Dron: Legacy

Independiente se coronó por segunda vez campeón de la Copa Sudamericana al superar en los 180 minutos a Flamengo, repitiendo el mismo logro ante el mismo equipo en la Supercopa. Ariel Holan, el hincha y  entrenador del Diablo de Avellaneda lo hizo posible gracias un equipo ordenado desde la presión ofensiva y recuperando los guiños símbólicos de la exitosa historia roja.

Ariel Holan logró alzar el Trapo Rojo de Avellaneda hacia una nueva Internacional. Cumplió el sueño del pibe, cuyo vínculo con su padre Ramón podría ser retratado en un cuento de Sacheri. Esta Sudamericana, la segunda para Independiente, tiene un valor especial en el hincha del paladar negro. Ese que se tragó el sapo de descender de categoría y aprendió, tras el maltrato a Jorge Almirón, a tener paciencia. Apoyó al equipo y el esfuerzo realizado en la infinidad de empates con el que empezó entre drones y audios fallidos de WhatsApp. 

Volad mis pequeños, volad.

En el fútbol a diferencia de la política, la historia se estudia para poder repetirla. Esto trató de inculcarle “el hincha” Holan a sus dirigidos con gestos simbólicos como invitar a las jóvenes estrellas de ayer como Ricardo Bochini, Daniel Bertoni, Miguel Santoro y el Chivo Ricardo Pavoni a ser parte de la construcción de la identidad de este equipo.  El saludo hacia todas las tribunas con las manos en alto, cual Haka de Avellaneda, buscaba congeniarse con el público que supo crecer y añorar los éxitos de los años ’70 y ’80. Empezó como un homenaje tras la muerte de Pipo Ferreiro y a partir de allí se adoptó nuevamente como emblema.

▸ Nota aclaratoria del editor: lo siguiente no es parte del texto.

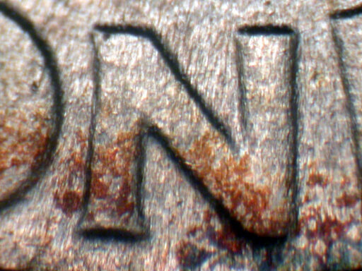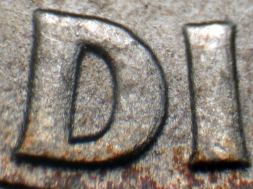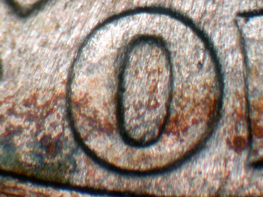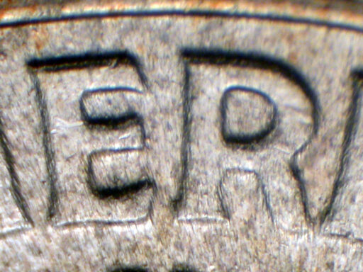 Light spread on AMERICA, ONE DIME, UNITED, E PLU of PLURIBUS, and

Pero Independiente también formó una identidad propia acorde al fútbol actual. “El entrenador” Holan supo plasmar sus ideas futbolísticas y sus experiencias previas desde su paso por el hockey o como consiglieri de diversos DT’s. Siempre hizo de la presión ofensiva y el ataque constante su principal virtud, no siempre acompañada con la efectividad es cierto. Tampoco le hizo asco cuando debió retroceder para sostener una ventaja en el MARCADOR. Mantuvo un invicto de 14 partidos desde su debut hasta la primera caída, con la  goleada sufrida en la Bombonera ante Boca. Holan armó una columna vertebral apoyada en las manos de Martín Campaña, una dupla central confiable como Alan Franco y Nicolás Tagliafico, la recuperación de Nicolás Domingo en el centro del campo, los desbordes de Maxi Meza, además de la velocidad y habilidad en Martín Benítez y Ezequiel Barco. La capacidad goleadora se repartió entre Leo Fernández, el regresado del fútbol chino Gigliotti y el santafesino Lucas Albertengo. Dos jugadores cuyos penales les hizo sufrir el ostracismo en el pasado como Juan Manuel Sánchez Miño y Emmanuel Gigliotti fueron recuperados por Ariel Holan y puestos al servicio del equipo. Además, el oriundo de Lomas de Zamora supo dar cabida a jugadores surgidos de las divisiones inferiores que siempre le respondieron la confianza depositada en ellos demostrando un gran nivel cada vez que ingresaron. Fuera de las canchas, Holan también tuvo que sortear la presión delicuente de la barra. El ser conocido como Bebote, parte del cáncer que consumió al Rojo en los últimos años, fue detenido por la apretada al entrenador.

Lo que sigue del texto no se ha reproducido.